# Mistake Correction: Interior vs. Exterior Paint



## ejdcohen (May 15, 2009)

I saw a reply by Nestor Kelebay about _not_ using _interior_ paint for the walls of a three-season porch, AFTER I had primed my porch with two coats of interior primer!

What should I do now?  Do I prime again with a exterior primer? I also primed the ceiling.

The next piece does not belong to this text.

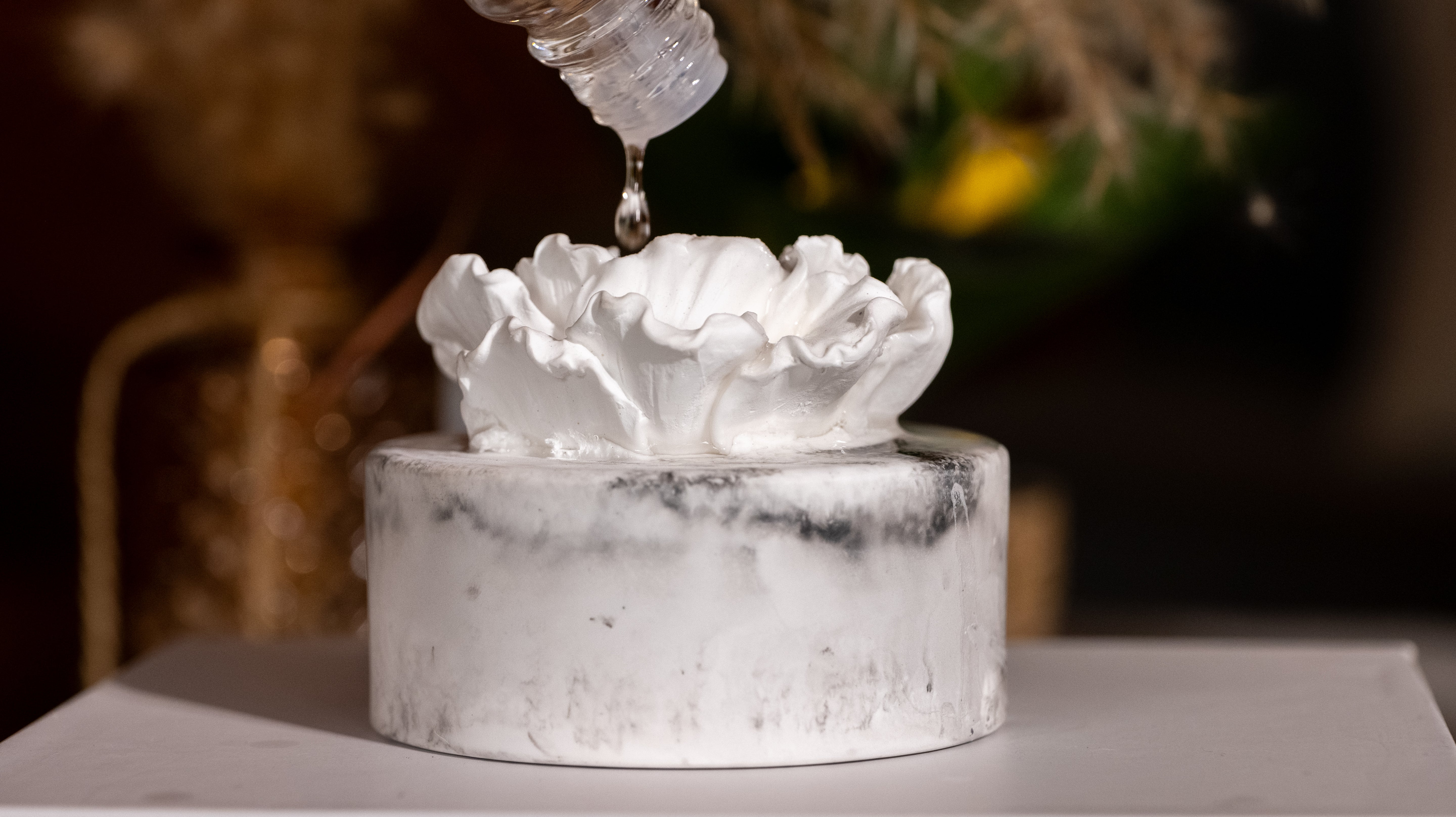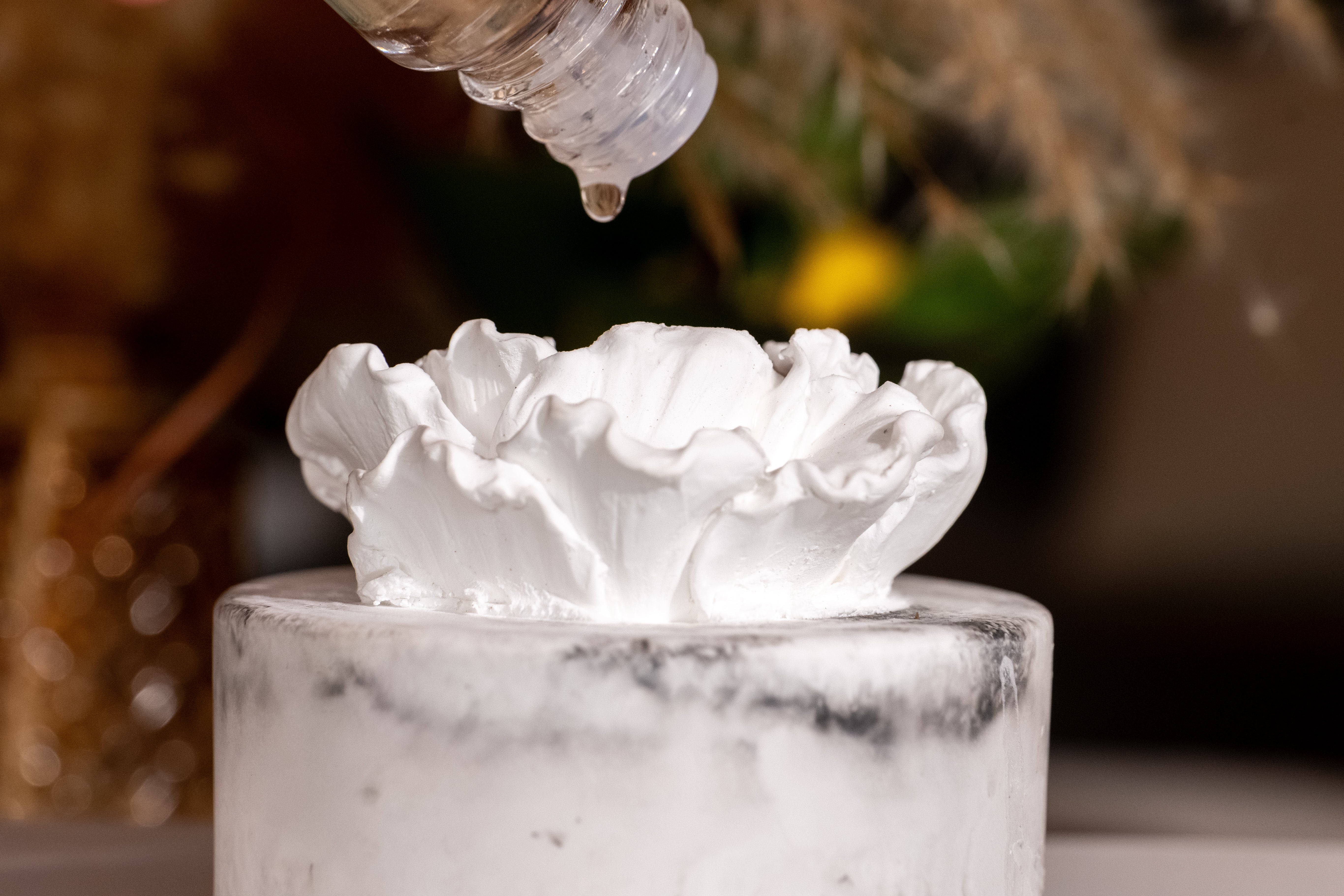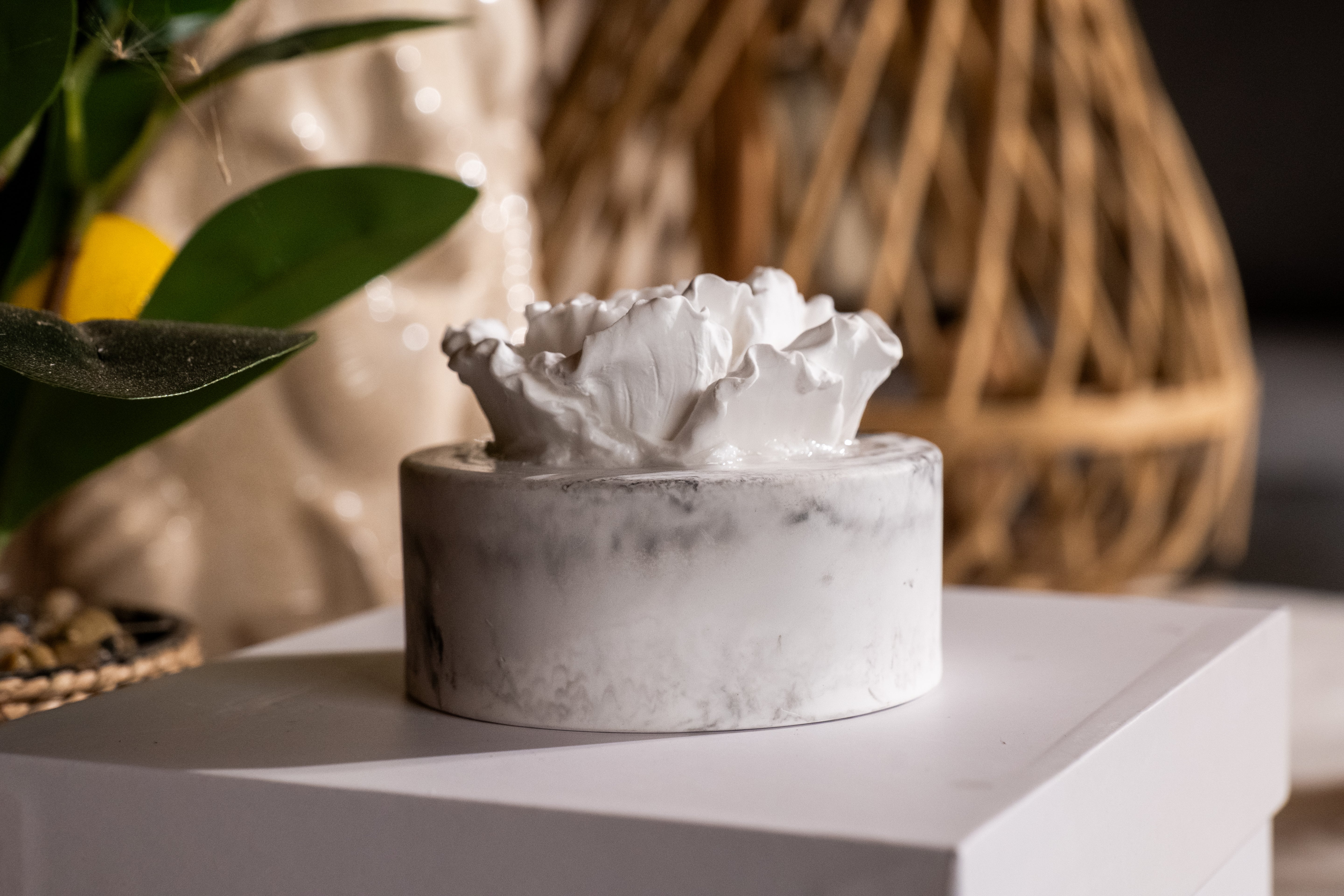 Onze handgemaakte geursteen diffuser werkt zonder vuur of stroom . Alleen geur, vorm en stilte. De bloemvormige steen absorbeert etherische olie en verspreidt die geleidelijk in je ruimte. Zacht. Zintuiglijk. Intiem.

Not sure if it matters, but I live in Chicago, IL.Thanks!


----------



## Nestor_Kelebay (May 15, 2009)

Did you use an interior LATEX primer or an interior ALKYD (oil based) primer on your porch?

Are the surfaces you primed wood or some other material?


----------



## Nestor_Kelebay (May 17, 2009)

I should explain to people that there's a very big difference between interior and exterior alkyd primers, but virtually no difference between interior and exterior latex primers.

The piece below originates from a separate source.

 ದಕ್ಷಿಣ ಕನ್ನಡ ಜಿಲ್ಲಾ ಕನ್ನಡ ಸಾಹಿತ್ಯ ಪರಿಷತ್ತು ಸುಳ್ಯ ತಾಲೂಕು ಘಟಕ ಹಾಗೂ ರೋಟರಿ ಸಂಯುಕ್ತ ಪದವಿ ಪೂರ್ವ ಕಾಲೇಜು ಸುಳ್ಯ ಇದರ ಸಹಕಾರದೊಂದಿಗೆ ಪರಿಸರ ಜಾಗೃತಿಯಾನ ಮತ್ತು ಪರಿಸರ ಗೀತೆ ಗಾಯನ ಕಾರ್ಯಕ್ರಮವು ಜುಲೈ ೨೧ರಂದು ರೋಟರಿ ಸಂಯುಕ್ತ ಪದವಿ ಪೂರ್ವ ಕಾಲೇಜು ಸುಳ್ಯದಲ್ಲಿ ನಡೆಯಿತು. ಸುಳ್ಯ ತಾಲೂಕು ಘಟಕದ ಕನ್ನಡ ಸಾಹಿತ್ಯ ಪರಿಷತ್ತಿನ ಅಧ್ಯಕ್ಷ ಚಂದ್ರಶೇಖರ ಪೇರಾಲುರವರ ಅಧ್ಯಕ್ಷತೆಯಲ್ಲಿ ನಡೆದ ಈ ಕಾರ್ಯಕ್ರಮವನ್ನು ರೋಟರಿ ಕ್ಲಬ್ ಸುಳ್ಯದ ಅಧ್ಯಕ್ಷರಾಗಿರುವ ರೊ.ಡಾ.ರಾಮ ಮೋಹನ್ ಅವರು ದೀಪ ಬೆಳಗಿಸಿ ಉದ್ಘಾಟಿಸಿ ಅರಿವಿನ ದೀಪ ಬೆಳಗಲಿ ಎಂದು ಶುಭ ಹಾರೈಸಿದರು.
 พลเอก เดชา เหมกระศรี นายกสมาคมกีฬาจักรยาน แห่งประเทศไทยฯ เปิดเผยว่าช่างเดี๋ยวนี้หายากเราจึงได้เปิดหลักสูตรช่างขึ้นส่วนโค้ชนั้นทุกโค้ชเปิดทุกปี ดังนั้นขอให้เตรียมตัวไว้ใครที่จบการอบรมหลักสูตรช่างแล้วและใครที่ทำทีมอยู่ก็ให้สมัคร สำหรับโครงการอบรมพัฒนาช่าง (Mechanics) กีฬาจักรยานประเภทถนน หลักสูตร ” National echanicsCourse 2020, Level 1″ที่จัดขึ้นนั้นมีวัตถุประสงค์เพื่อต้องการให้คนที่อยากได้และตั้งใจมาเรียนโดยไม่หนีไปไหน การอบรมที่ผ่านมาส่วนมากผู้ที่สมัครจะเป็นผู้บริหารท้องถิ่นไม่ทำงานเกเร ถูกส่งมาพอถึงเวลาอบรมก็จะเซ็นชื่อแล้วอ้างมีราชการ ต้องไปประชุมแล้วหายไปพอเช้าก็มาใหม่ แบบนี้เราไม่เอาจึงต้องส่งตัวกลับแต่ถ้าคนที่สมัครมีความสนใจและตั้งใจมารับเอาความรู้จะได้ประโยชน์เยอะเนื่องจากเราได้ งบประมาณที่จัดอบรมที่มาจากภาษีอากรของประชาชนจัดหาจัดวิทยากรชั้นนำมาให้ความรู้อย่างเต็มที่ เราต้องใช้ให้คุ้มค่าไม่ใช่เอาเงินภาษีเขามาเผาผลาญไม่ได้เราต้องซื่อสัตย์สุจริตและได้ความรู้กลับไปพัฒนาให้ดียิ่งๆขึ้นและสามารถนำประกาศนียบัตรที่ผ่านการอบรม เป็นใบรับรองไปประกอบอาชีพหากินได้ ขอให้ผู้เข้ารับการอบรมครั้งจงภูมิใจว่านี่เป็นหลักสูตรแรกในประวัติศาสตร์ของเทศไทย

Because wood outdoors swells and shrinks with seasonal changes in temperature and humidity, and alkyd primers and paints dry to too hard a film to stretch and shrink with that wood, exterior alkyd primers and paints will be formulated to dry to a softer film that can stretch and shrink without breaking.  Also, since alkyds form an impermeable film, exterior alkyd primers will often have more than the "CPVC" or "Critical Pigment Volume Content".  If the volume of pigment in the can is below the CPVC, then the primer will be impermeable to air, water and humidity.  Once you get above the CPVC, then as the primer dries and shrinks, pores open up between the extender pigments, and the primer essentially dries porous.  The purpose in putting so much extender pigment in exterior alkyd primers is to allow moisture to evaporate out of the substrate through the primer.  Typically, tho, you'd still have to use a latex paint over top of that exterior alkyd primer to allow the H20 molecules to escape through the paint film.   If you use an exterior alkyd paint over that exterior alkyd primer, then the primer will allow air and humidity to pass through it, but not the alkyd paint, so the humidity in the substrate would still be trapped.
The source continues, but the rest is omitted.